O yıllarda, cumhuriyetin kuruluşu ile başkent olan Ankara, 300 bin nüfusa göre planlanmıştı. Fakat bugün 4 milyona yaklaşan nüfusu ile 30 km çapında bir alana yayılmış durumda. Pek çok gelişmeye rağmen ne yazık ki, günü kurtarma ve rant hesapları ile daha şimdiden trafik sorunu ile içinden çıkılmaz hal almış durumda.

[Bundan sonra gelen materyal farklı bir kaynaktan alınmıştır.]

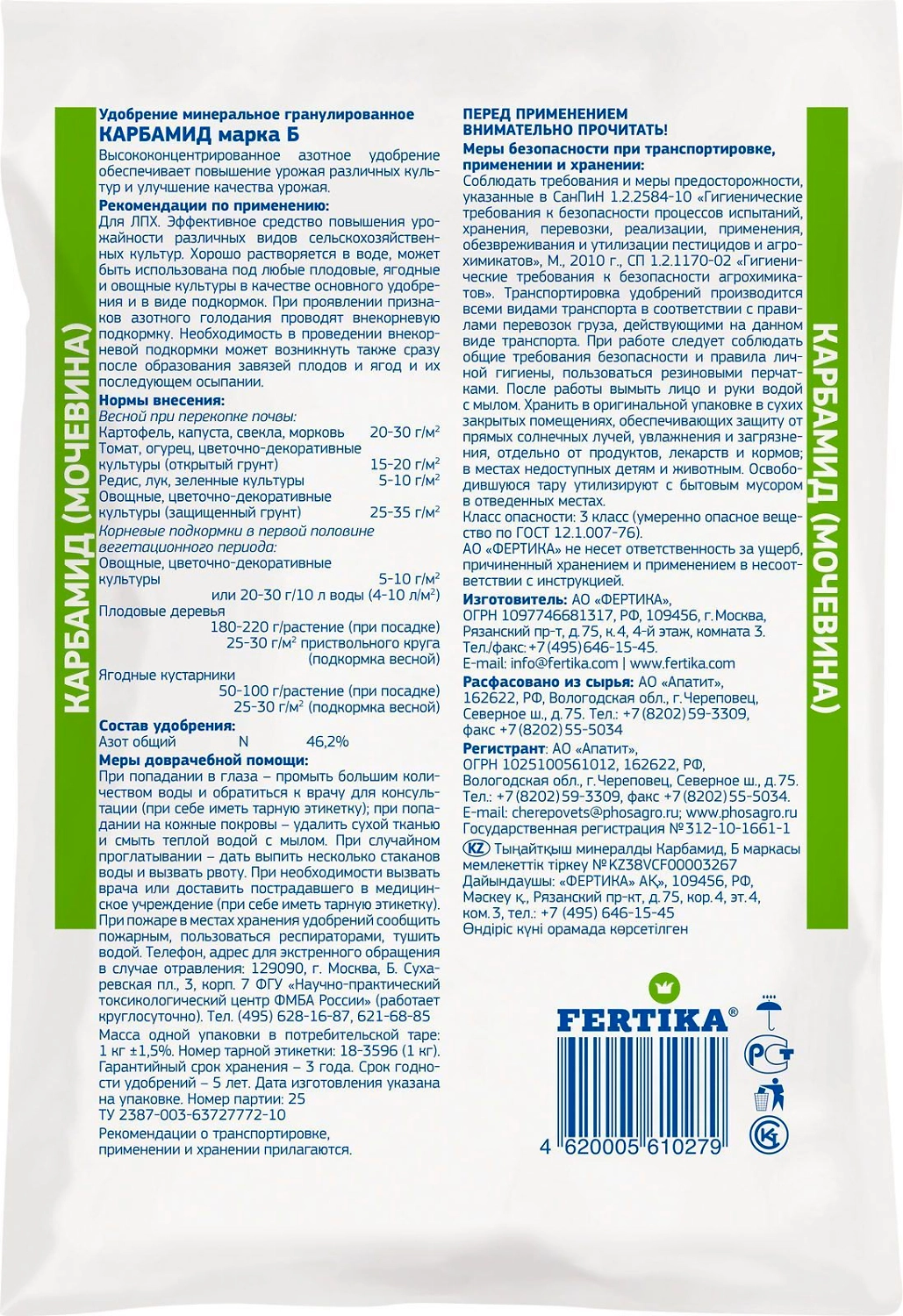 FERTIKA Classic Карбамид - азотное минеральное удобрение для улучшения роста и повышения урожайности садовых культур.

Tek katlı Bahçelievler yıkılıp çok katlı apartmanlara dönüştürülmüş. Sokaklar caddeler, parkı olmayan evler yüzünden arabalarla dolmuş. Sokaklardan geçilmez olmuş. Dünyayı dolaşmış, önemli şehirleri görmüş biri olarak oraları Ankara ile hep mukayese etmişimdir. Maalesef uzun vadeli bir programla ele alınmayan Ankara, günü kurtarma politikaları ile rastgele gelişimini sürdürmekte.
Anıt olarak da Ankara Atatürk döneminde İtalyan ve Avusturyalı heykeltraşların yaptığı Güvenpark, Ulus ve Etnoğrafya müzesi önündeki Atatürk Anıtlarını çıkarırsak geçen uzun yıllarda Burhan Alkar’ın yaptığı Çankaya’da Seğmenler ve Atatürk Orman Çiftliği’ndeki Atatürk Anıtları dışında göze çarpan anıtı maalesef yoktur ve bunu Ankara için hep bir eksiklik olarak düşünmüşümdür. Mesela, bugün ki AKM’nin olduğu alanda Türk Tarihini kronolojik bir anlayışla heykeller ve animasyonlarla bir kültür parkı olarak canlandırmak ne kadar uygun ve güzel olurdu. Birçok ülkede örnekleri var.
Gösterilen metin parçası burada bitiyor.